White Leghorn chick embryos are incubated at 38 \(^\circ\)C and 65% humidity throughout the culturing process. At day 10, the egg contents are cracked into 60 mm cell culture Petri dishes49. Egg albumin and yolk contents are removed using viscous liquid handling pipettes. The vasculature is washed three times using ice-cold DPBS (14190250, Thermo Fisher Scientific, USA) solution and then fixated in 4% paraformaldehyde (1004965000, Sigma-Aldrich, USA) overnight at 4 \(^\circ\)C for long-term storage. This is followed by incubation with 0.3% Triton X-100 (T8787-250ML, Sigma-Aldrich, USA) in DPBS for 30 minutes and washing three times using ice-cold PBS solution. For multicolor microscopy, the vasculature is first decellularized (erythrocytes removed) and subsequently stained with Rhodamine B (K94900-25, Labshop, the Netherlands) and indocyanine green.

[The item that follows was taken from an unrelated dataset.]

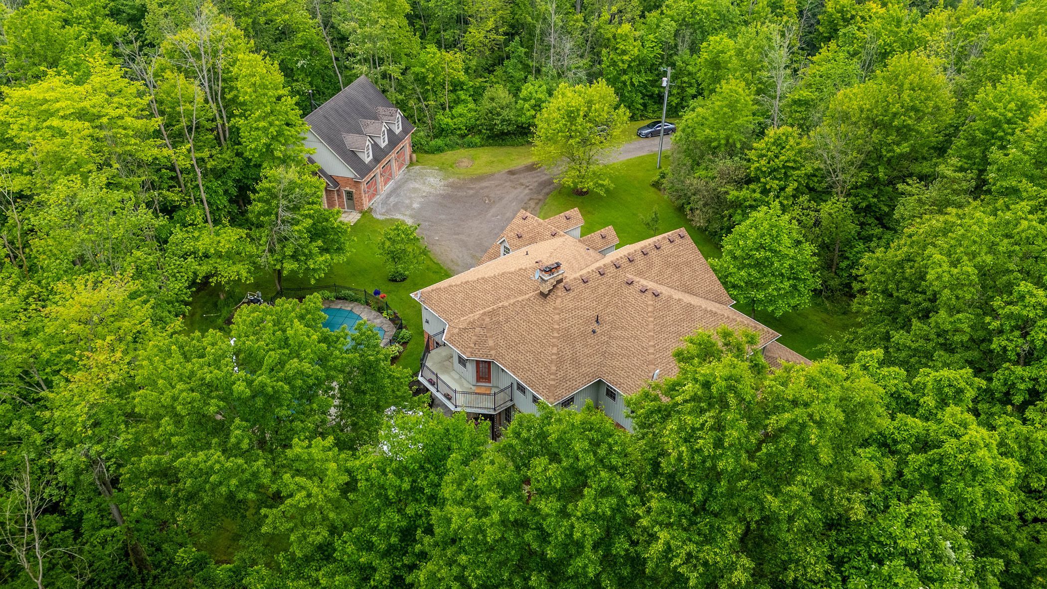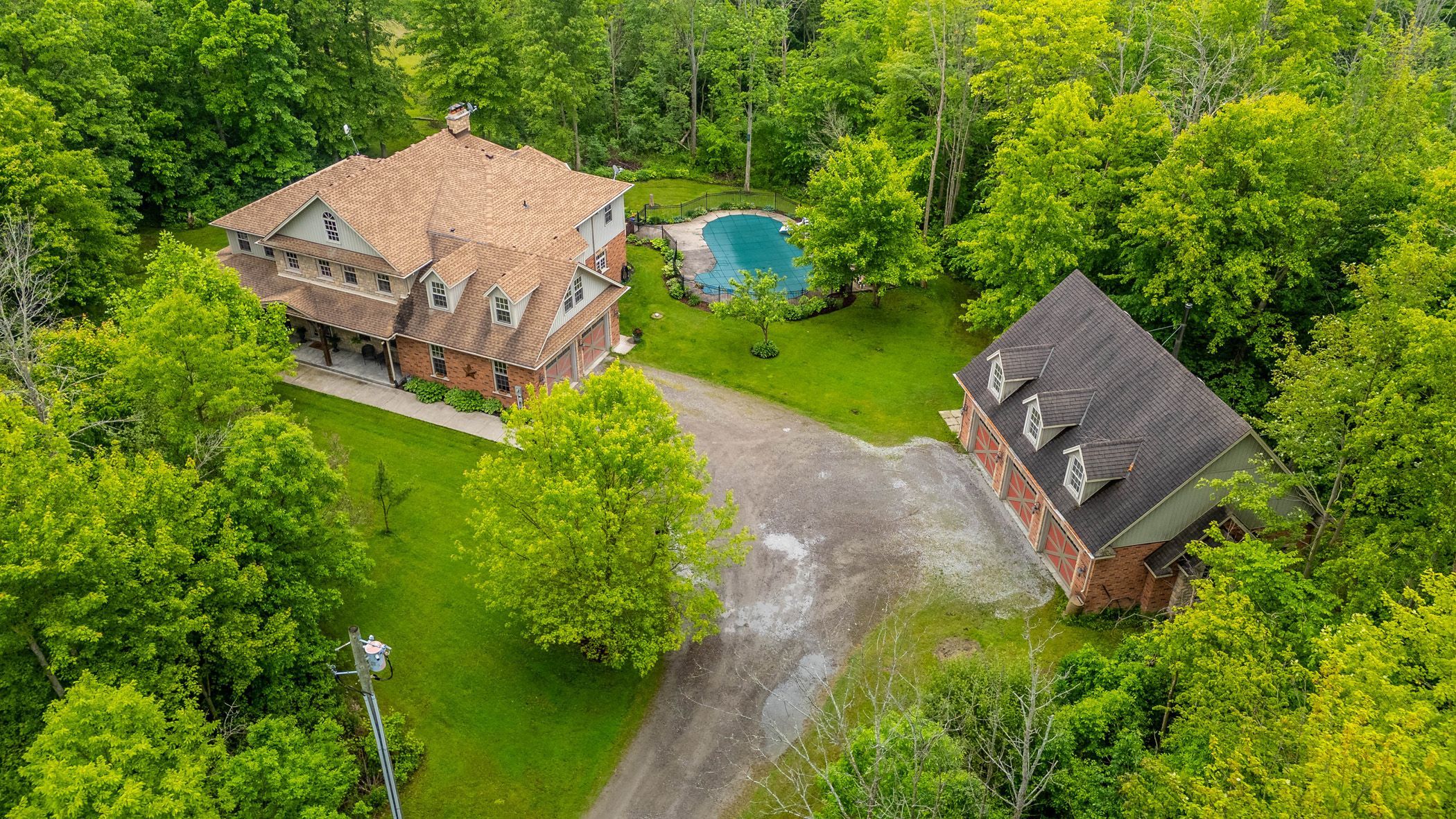 Welcome to "the headwaters"! Nestled on 50 acres of pristine forest and 6 mile creek, this custom built, 2 storey estate offers the perfect blend of luxury, comfort and natural beauty. From the moment you pass through the gated entrance and travel along the tree lined driveway a sense of serenity will surround you. Whether you're unwinding by the inground pool, basking in the warmth of the wood burning fireplace, every moment here feels like a peaceful escape. As you step inside you're welcomed by soaring ceilings and an open concept design that bathes the home in natural light, creating an airy and inviting atmosphere. The upper level showcases 5 spacious bedrooms and 5 thoughtfully designed bathrooms, including 2 with jack -and-jill configurations. A convenient laundry chute adds a practical touch! The primary bedroom is an inviting retreat. Generously sized, this serene space offers a sitting area, a private balcony and the comfort of a gas fireplace. Complete with a 5 pc ensuite and an oversized dressing room style closet! The heart of the home is a grand family room with double doors opening to lush gardens, completed with a rumford wood fireplace. The remainder of the main level is thoughtfully designed offering a spacious dining area with classic french doors, a formal living room with a gas fireplace, a cozy breakfast nook overlooking the gardens and a quiet study with a private entrance. Here you will also find the laundry room, plenty of storage and 2 washrooms. Additional features include an attached double garage and a secondary entrance through the basement. For the hobbyists or those in need of extra space, the detached 2 storey triple garage is fully equipped with 2 wood stoves and is perfect for storing equipment, vehicles, or pursuing your passions! The property invites endless outdoor adventures, whether you enjoy gathering around campfires, exploring trails on your atv, or snowmobiling through your very own backyard! This home is a timeless beauty.

Multicolor fluorescence microscopy and magnetic movement

Real-time widefield multicolor microscopy is performed by excitation of the fluorophores from three-different spectrum bands in a round-robin manner29. The emitted fluorescence light is synchronously collected to acquire 8-bit grayscale individual images with 1280 \(\times\) 1024 pixels. 10x and 5x long working distance objectives (Plan Apo, Mitutoyo, Japan) are used to focus the excitation light on the samples and collect the emitted fluorescent photons, respectively. Coumarin 6 and indocyanine green are excited from 450 to 490 nm and 750 to 800 nm spectrum bands, respectively. The emitted light is collected from 500 to 540 nm for coumarin 6 and 817.5 to 875.5 nm for indocyanine green, respectively. CMTPX, RFP-HUVECs, and Rhodamine B are excited from the 554.5 to 589.5 nm band, and the emitted light is collected in the wavelength range of 592.5 to 667.5 nm. The intensity values in the individual images acquired from 500 to 540 nm, 592.5 to 667.5 nm, and 817.5 to 875.5 nm spectrum bands are represented using black-green, black-red, black-blue color maps, respectively (Figs. 5a4, 7b, 8a4). Multicolor images are formed by overlapping the color-converted individual images acquired in one round. An orthogonal array of four iron-core electromagnetic coils with a cut-off frequency of 110 Hz is placed in the microscope’s working space to move the micro-agents using the rotational field (Fig. 6d). For heat dissipation, the coil array is mounted on an aluminum holder using tapered collars. The coils are covered with copper tape for heat transfer enhancement and electrical isolation. Switchable amplifiers supplied with a dc power supply (EA-PS 5040-20A, EA Elektro-Automatik, Germany) are used to power the coils50. A signal generator (4050B, BK Precision, USA) is used to generate reference signals for the rotating field frequency. The signals are distributed to a corresponding coil driver using a demultiplexer interface (74HC4052, Texas Instruments, USA) by falling edge detection using a microcontroller. The maximum magnetic field produced by the coil array is measured as 30 mT using a teslameter (3MH3A, Senis AG, Switzerland). The magnetic pulling force is generated using two neodymium-iron-boron permanent magnets (S-45-30-N, Supermagnete, Germany). The maximum magnetic field and gradient generated by the magnets are measured as 120 mT and 5 T/m, respectively.

Ethical approval

According to the Dutch animal care guidelines, IACUC approval for chicken embryo experimentation is not necessary unless hatching is expected. Moreover, only experiments with chick embryos of development EDD14 and older need IACUC approval. The embryos used in this study were all in the early stages of embryo development (EDD10). Fertilized chicken eggs used in this study were purchased from approved poultry egg farms in the Netherlands. RFP-HUVECs culture studies were approved by Dutch Ministry and experiments were performed under ML-1 laboratory environment, followed by the university policies and standard protocol.